Dataset items
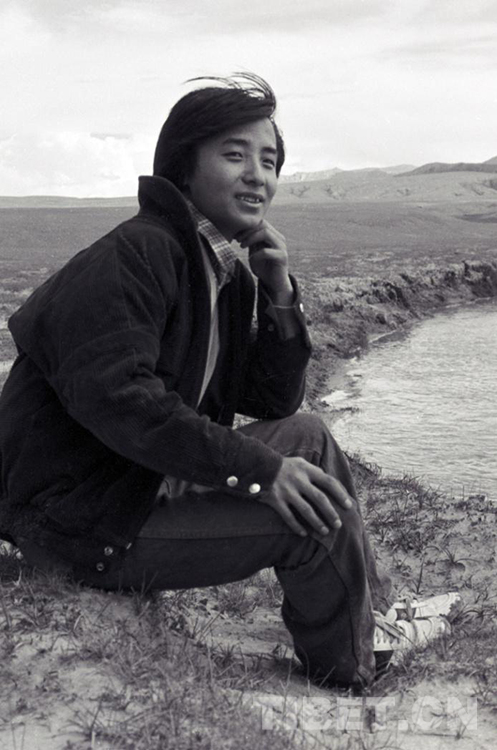 這是原文部辦事處(現尼瑪縣)機要科陳杰在小鎮旁河邊請記者為他拍照留念,以寄回家鄉免父母擔憂(唐召明1987年攝)
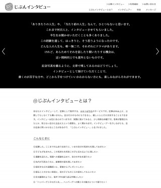 インタビューの形式や記事ページのデザインは、複数の選択肢からお選びいただけます。お申し込みからの流れ、インタビュアー、料金などについて詳しくはこちらをご覧ください。https://jibun38.net
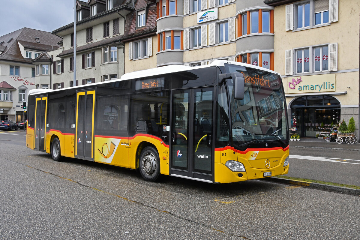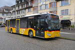 Mercedes Citaro 144 der Post wartet am 12.02.2024 als Dienstfahrt beim Bahnhof Brugg.
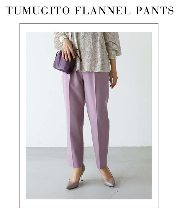 ワンタックで腰周りをカバーし、身体のラインを拾いにくいのが嬉しい。ややハイウエストに仕上げており脚長効果も◎。
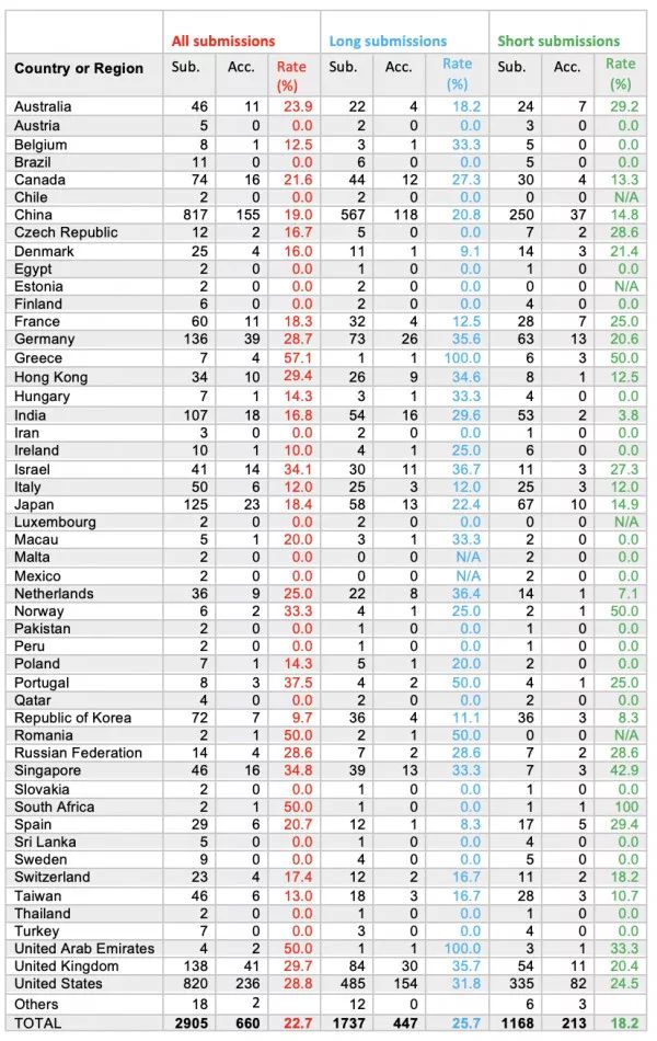 长论文接受率高于短论文,接受率最高的国家是新加坡。

▶ [WHAT IS EXPECTED] This exercise calls for a verbatim output of the entries, pictures omitted.

▶ [SOLUTION FOR THIS TASK]
 這是原文部辦事處(現尼瑪縣)機要科陳杰在小鎮旁河邊請記者為他拍照留念,以寄回家鄉免父母擔憂(唐召明1987年攝)
 インタビューの形式や記事ページのデザインは、複数の選択肢からお選びいただけます。お申し込みからの流れ、インタビュアー、料金などについて詳しくはこちらをご覧ください。https://jibun38.net
 Mercedes Citaro 144 der Post wartet am 12.02.2024 als Dienstfahrt beim Bahnhof Brugg.
 ワンタックで腰周りをカバーし、身体のラインを拾いにくいのが嬉しい。ややハイウエストに仕上げており脚長効果も◎。
 长论文接受率高于短论文,接受率最高的国家是新加坡。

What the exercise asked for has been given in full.